Alright, this week I am going to take a detour from my favourite TV series and YouTube channels. Today, I am going to talk about a movie that I haven’t seen but know a lot about the topic. The movie is La Vie en Rose and is about the beautifully tragic story of Édith Piaf, the famous singer and songwriter of the early 40s and 50s.

First off , the song ‘La Vie en Rose’ is just a fantastic song. Louis Armstrong’s rendition is wonderful, but Édith Piaf’s original in French is perfect. The song is a simple yet moving song about the love for someone and how that love makes the whole world around them better. The literal translation of ‘La Vie en Rose’ mean ‘a life in pink’, but to Piaf it was ‘looking at the world though pink shaded glasses’. Pretty flipping poetic, if I say so.

Édith Piaf’s life sorry is also very interesting. From the beginning, Piaf’s mother abandoned her and her father when she was born. This caused Piaf to be raised my her paternal grandmother at a brothel while her father served in the French army during World War 1. Once he returned after the war, Piaf and him both joined an acrobatics team where they roamed and performed on the streets of Paris for money. This is where Piaf began her song career.

Soon after, Piaf moved from streets to nightclubs. Incredibly nervous, Piaf would wear black clothing to calm herself and to hid her body in the dark so people won’t see how small she was (4’ 8”). From then on I began to be her trademark. During her early career, Piaf had her only daughter named Marcelle, who at the age of 2 died from meningitis. Despite this, Édith Piaf still performed and began to gain fame.

During the French Occupation in World War 2, Piaf’s game grew even more and she soared in popularity among the Germans. So much so that she was tried as a traitor in court. Thankfully her secretary at the time saved her from conviction by saying she aided French soldiers when she came and visitors POW camps.

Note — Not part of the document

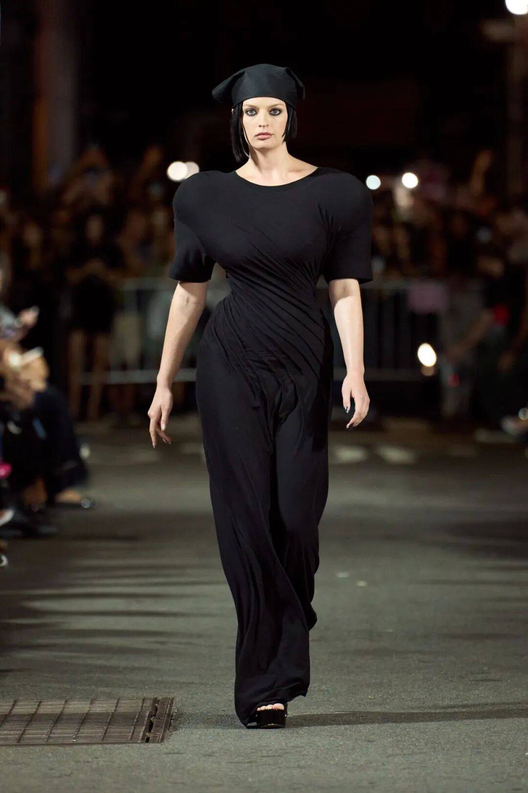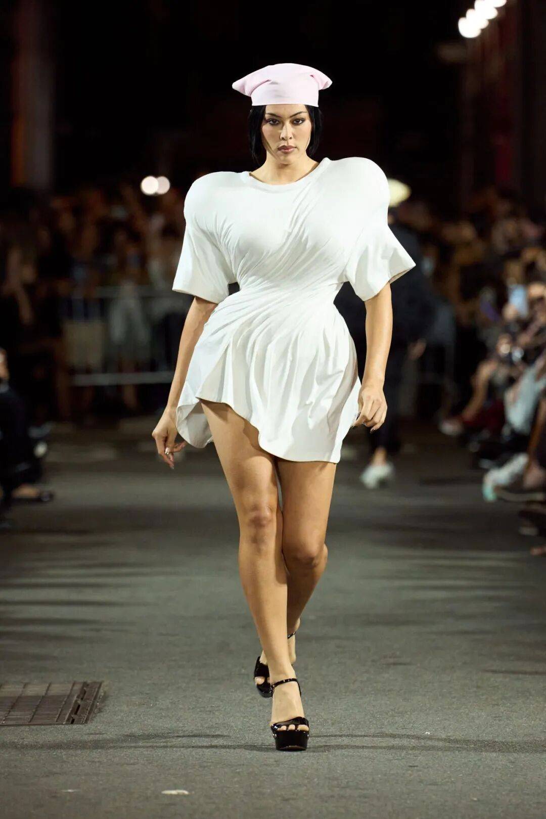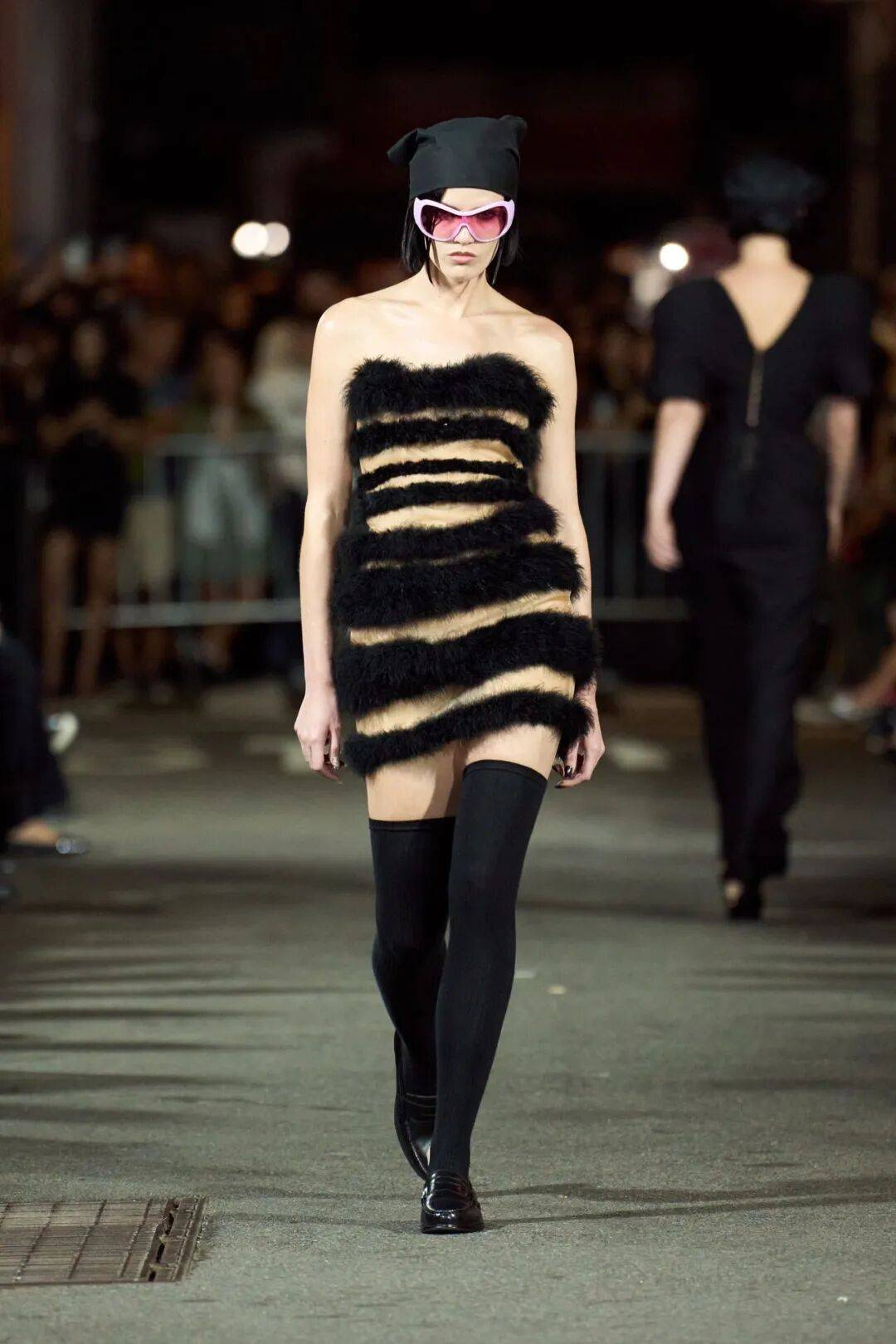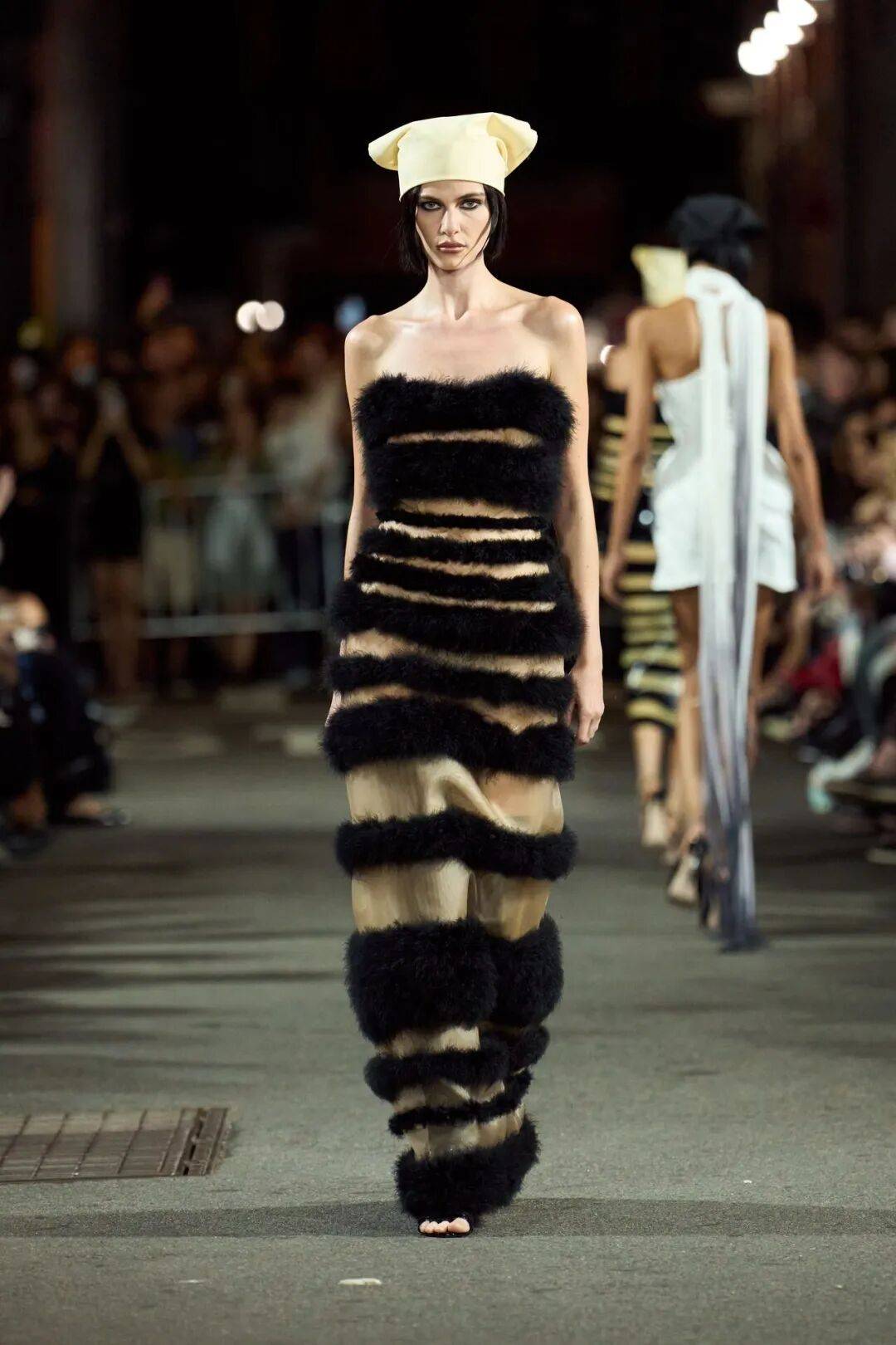 系列中扭曲的T恤式紧身胸衣礼服,灵感源自他童年目睹加利西亚女性在海边劳作时浸湿的衣衫——紧贴曲线的剪裁与镂空细节,既是对女性身体的诗意描摹,亦是对“得体”规则的挑衅。条纹编织上衣与拼接乳胶长裙的碰撞,则被解构为“航海条纹与纽约条形码的共生”,横向条纹在网纱芭蕾舞裙上化作流动的都市密码。

After the war, Édith continued on her path to fame and fell in love with the already married Marcel Cerden, the former middleweight world champion on boxing. During this time, she wrote ‘La Vie en Rose’ about her love for Marcel and begged him to visit American with her while she was performing. He gave in and took a plane, but his plane crashes before he could see her. After that, Édith still performed and wrote her most famous song ‘Non, je ne regrette rien’. This translates to ‘no, I do not regret anything’. Edith Piaf then entered a rough part of her life where she tuned to morphine and alcohol, which ended up being cutting her life short.

Even though her life was filled with heartache and emptiness, Piaf still had the outlook on life to see the beauty in everything. She truly viewed the world through pink glasses. I can’t wait to see how the movie tries to capture all this is Edith Piaf.